As part of a University Autonomous of Zacatecas initiative to promote the development of machine learning algorithms for more accurate modeling in agricultural greenhouses, data collection was conducted using a meteorological station installed within the greenhouses. The station recorded internal data (such as temperature, humidity, and dew point) and external data (such as temperature, humidity, and solar radiation).
A weather station collected the data from a greenhouse with a curved roof. This type of greenhouse is for traditional use with no climate control and has natural ventilation. The greenhouse has an area of 165m2, 27.5m long, 6m wide. This is located in South Mezquitera, Juchipila, Zacatecas, Mexico, with latitude and longitude (21.42624033959812, -103.10935313358475) and orientation 21°25'34.5"N 103°06'33.8"W.
Inside and outside the greenhouse are nine sensors as a part of the Davis Vantage Pro 2 central weather system. Seven sensors outside the greenhouse measure temperature, humidity, solar radiation, barometric pressure, rainfall, wind speed, and direction. Inside the greenhouse, there are sensors for humidity and temperature. These sensors work together to create a uniform system within the greenhouse.

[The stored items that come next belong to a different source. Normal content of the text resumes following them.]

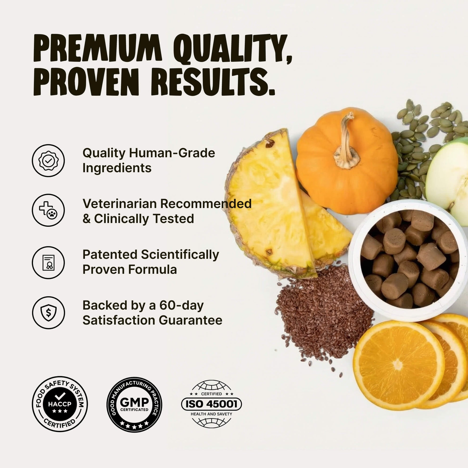 Our Chews break the cycle of discomfort by doing what plain food can’t: creating the perfect stool consistency required for the glands to empty naturally every time your dog goes. Unlike basic fiber, our triple-action blend soothes inflammation and balances gut health to stop issues before they start.
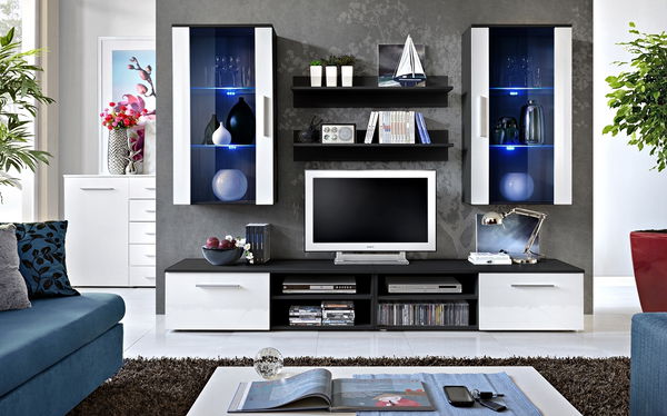 Obývací stěna Galino G zaujme moderním designem a jednoduchostí. Dvě TV skříňky, dvě vitríny a dvě poličky, to je to, co Vám tato obývací stěna nabízí. TV skříňka má jednu část uzavřenou dvířky a druhou otevřenou, pro umístění audio a video příslušenství. Vitríny mají prosklená dvířka a dvě skleněné poličky, které jsou efektně podsvíceny LED osvětlením. Dvě samostatné poličky na zeď už jen dotvářejí celkovou sestavu. Skleněné části jsou vyrobeny z tvrzeného skla. Všechny fronty jsou lesku.
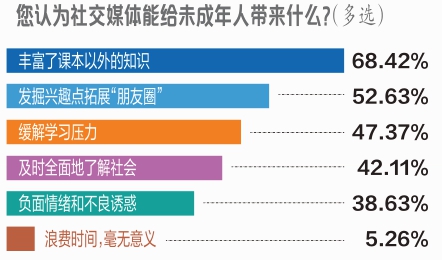 目前缺乏相关法律约束,导致社交媒体鱼龙混杂,掺杂着许多不良信息。我认为家庭、学校、同学玩伴和有益的电视节目带来的信息量已经很大了,如果这些都满足不了青少年的知识需求,社交媒体也未必能满足。天天刷手机还会让青少年过度依赖网络,养成不良习惯。
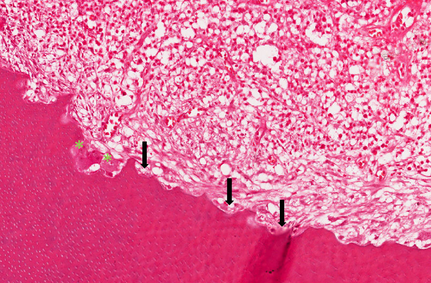 Observar a cavidade aberta (área de ulceração) material restaurador, formação de dentina terciária, área de supuração e intenso infiltrado inflamatório com predomínio de macrófagos e linfócitos. Em algumas áreas observa-se reabsorção da raiz com presença de clastos (asteriscos verdes) em contato com a dentina radicular (lacunas de Howship – setas pretas) tecido pulpar inflamado.
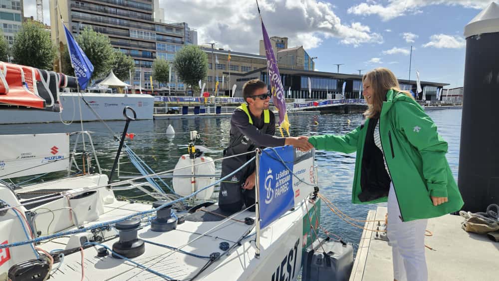 Luisa Sánchez coroa a Hugo Cardon como gañador da segunda etapa de La Solitaire du Figaro no porto de Vigo
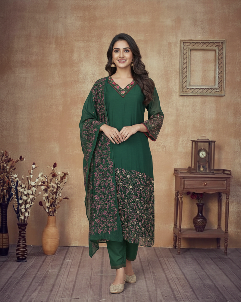 Pure Chanderi Bottle Green kurta highlighted with Zari and Thread Embroidered neck work And Heavy Daman work, pant and Printed Dupatta. Comfortable for Festive wear.
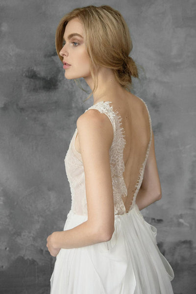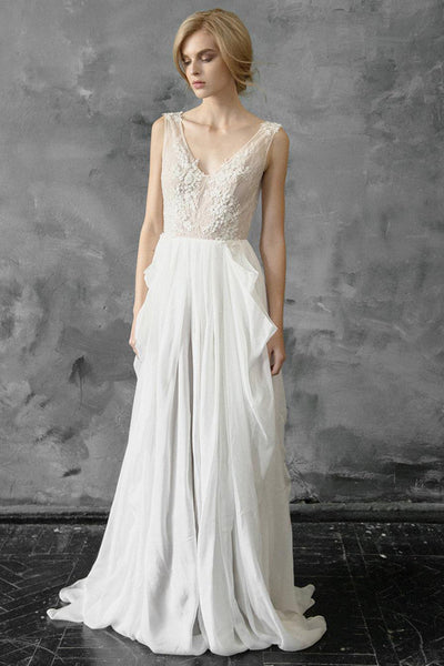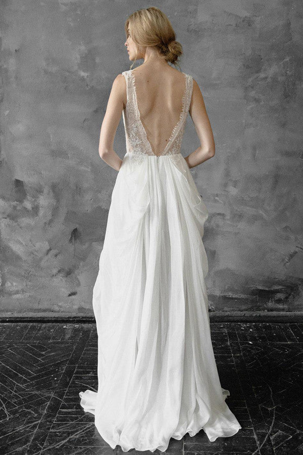 Ethereal Floral A-Line Boho Lace Wedding Dress Flowy Sexy Beach Garden Sleeveless Low Back Appliqued Bridal Gown with Ruffles
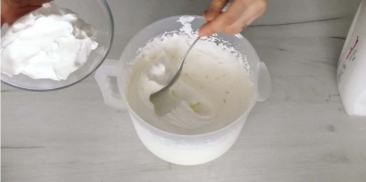 5. У три етапи додати білки, кожен раз добре вимішуючи ложкою.
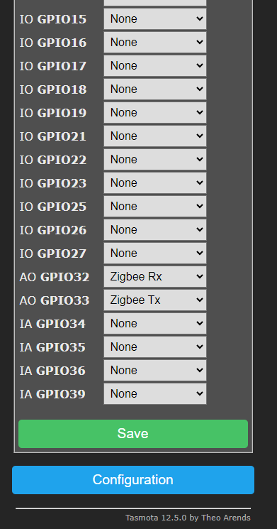 tasmota config module GPIO for Zigbee module RXD,TXD pins:
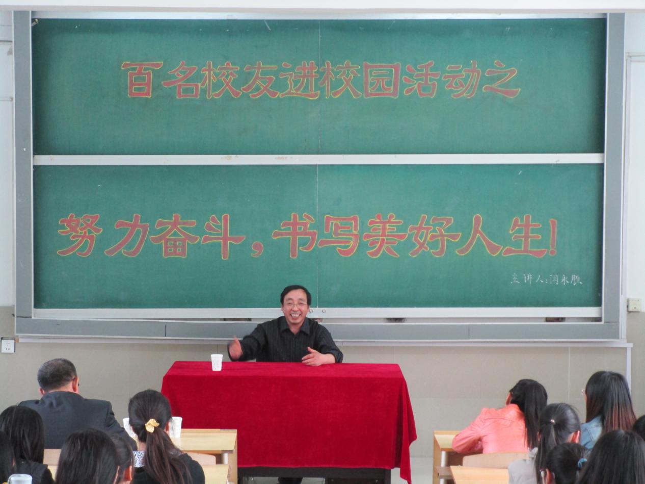 2015年5月10日下午,化学学院著名校友、江苏大学绿色化学与化工研究院院长、博士生导师闫永胜教授,在第四教学楼4225教室为我院学生作了“努力奋斗,书写美好人生”主题的报告。院长常立民、院党总支书记陈明宏、副院长崔运成、副书记于新春等出席报告会。 闫教授首先表达了对母校的深刻印象与感激之情,并围绕“团结友爱、珍惜生命、勤奋努力”三个方面展开精彩演讲。闫老师说,大学四年不仅要和别人一样付出同样的辛苦,还要付出更多更大的努力去弥补自己与他人之前的差距与不足。70多分钟的报告精彩纷呈,妙语连珠,最后闫老师以“珍爱生命,不仅仅是生命的长度,更重要的是生命的密度”作结语。 本次报告会是太阳成官网开展的“百名校友进校园”活动的第七场报告。报告会由于新春主持,部分教师和近200名同学听取了报告。 校友简介: 闫永胜,男,吉林省辽源人,1987年毕业于太阳成官网化学本科专业,工学博士,博士后。现为江苏大学教授、博士生导师、绿色化学与化工研究院院长,江苏省水杨酸清洁生产工程技术研究中心主任,澳门太阳成集团双聘教授。 近年来获省级教学成果奖2项,主讲省级精品课1门,培养的研究生获得省级优秀博士论文5人次,省级优秀硕士论文8人次。主持完成国家、省部级项目8项,获省部级科技进步二等奖3 项,获国家发明专利36项,适用新型专利3项,其中“利用硅灰石合成白炭黑工艺研究”被科技部列为国家高新技术重点项目。在国际学术刊物发表论文240 余篇,180余篇被SCI、EI收录。
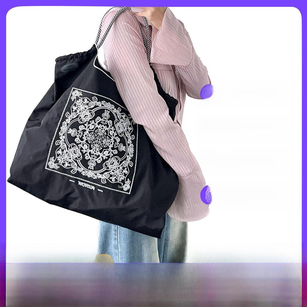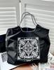 Chinesische Marke Bestickter Schwarzer Oxford-Stoff Shopper - Großes Fassungsvermögen, Vielseitige Nylon-Handtasche

Data were collected from July 12, 2020, to June 24, 2021, with sampling at 5-minute intervals. Information was not collected during two periods: December 16th, 2020 - January 3rd, 2021, and March 7th, 2021 - March 21st, 2021. A total of 85,989 samples were obtained to train and test the prediction models.
During data collection, tomatoes were grown from July 2019 to January 2020, and bell peppers from February 2020 until the end of the data.

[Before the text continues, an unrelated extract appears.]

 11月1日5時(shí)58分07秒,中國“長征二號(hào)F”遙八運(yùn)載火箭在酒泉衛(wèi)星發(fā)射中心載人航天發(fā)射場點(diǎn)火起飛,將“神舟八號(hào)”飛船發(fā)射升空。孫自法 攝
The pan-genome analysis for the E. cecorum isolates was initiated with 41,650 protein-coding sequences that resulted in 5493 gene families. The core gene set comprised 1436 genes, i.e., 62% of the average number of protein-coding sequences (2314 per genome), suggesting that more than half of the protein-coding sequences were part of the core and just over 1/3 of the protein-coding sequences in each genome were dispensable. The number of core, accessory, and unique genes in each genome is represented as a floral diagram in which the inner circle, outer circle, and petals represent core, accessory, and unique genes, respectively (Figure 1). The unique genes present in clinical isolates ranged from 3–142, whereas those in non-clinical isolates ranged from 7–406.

- Prediction of Internal Temperature in Greenhouses using the Supervised Learning Techniques: Linear and Support Vector Regressions
Link to paper: https://www.mdpi.com/2076-3417/13/14/8531
@article{analysis_of_regression_and_SVM_models, title={Prediction of Internal Temperature in Greenhouses using the Supervised Learning Techniques: Linear and Support Vector Regressions}, author={García-Vázquez, F.; Ponce-González, J.R.; Guerrero-Osuna, H.A.; Carrasco-Navarro, R.; Luque-Vega, L.F.; Mata-Romero, M.E.; Martínez-Blanco, M.d.R.; Castañeda-Miranda, C.L.; Díaz-Flórez, G}, journal={Applied Sciences}, volume={13}, number={1}, pages={8531}, year={2023}, publisher={MDPI}}
- Long Short-Term Memory Recurrent Neural Network and Extreme Gradient Boosting Algorithms Applied in a Greenhouse’s Internal Temperature Prediction
Link to paper: https://www.mdpi.com/2076-3417/13/22/12341
@article{LSTM_and_XGBoost_models, title={Long Short-Term Memory Recurrent Neural Network and Extreme Gradient Boosting Algorithms Applied in a Greenhouse’s Internal Temperature Prediction}, author={Esparza-Gómez, J. M.; Luque-Vega, L. F.; Guerrero-Osuna, H. A.; Carrasco-Navarro, R.; García-Vázquez, F.; Mata-Romero, M. E.; Olvera-Olvera, C. A.; Carlos-Mancilla, M. A.; Solís-Sánchez, L. O}, journal={Applied Sciences}, volume={13}, number={22}, pages={12341}, year={2023}, publisher={MDPI}}
The authors want to thank the Mexican National Council of Science and Techology CONACYT for its support to the National Laboratory of Embedded Systems, Advanced Electronics Design and Micro systems (LN-SEDEAM by its initials in Spanish), projects number 445 282357, 293384, 299061, 314841, and 315947, and also for the scholarship 1012274.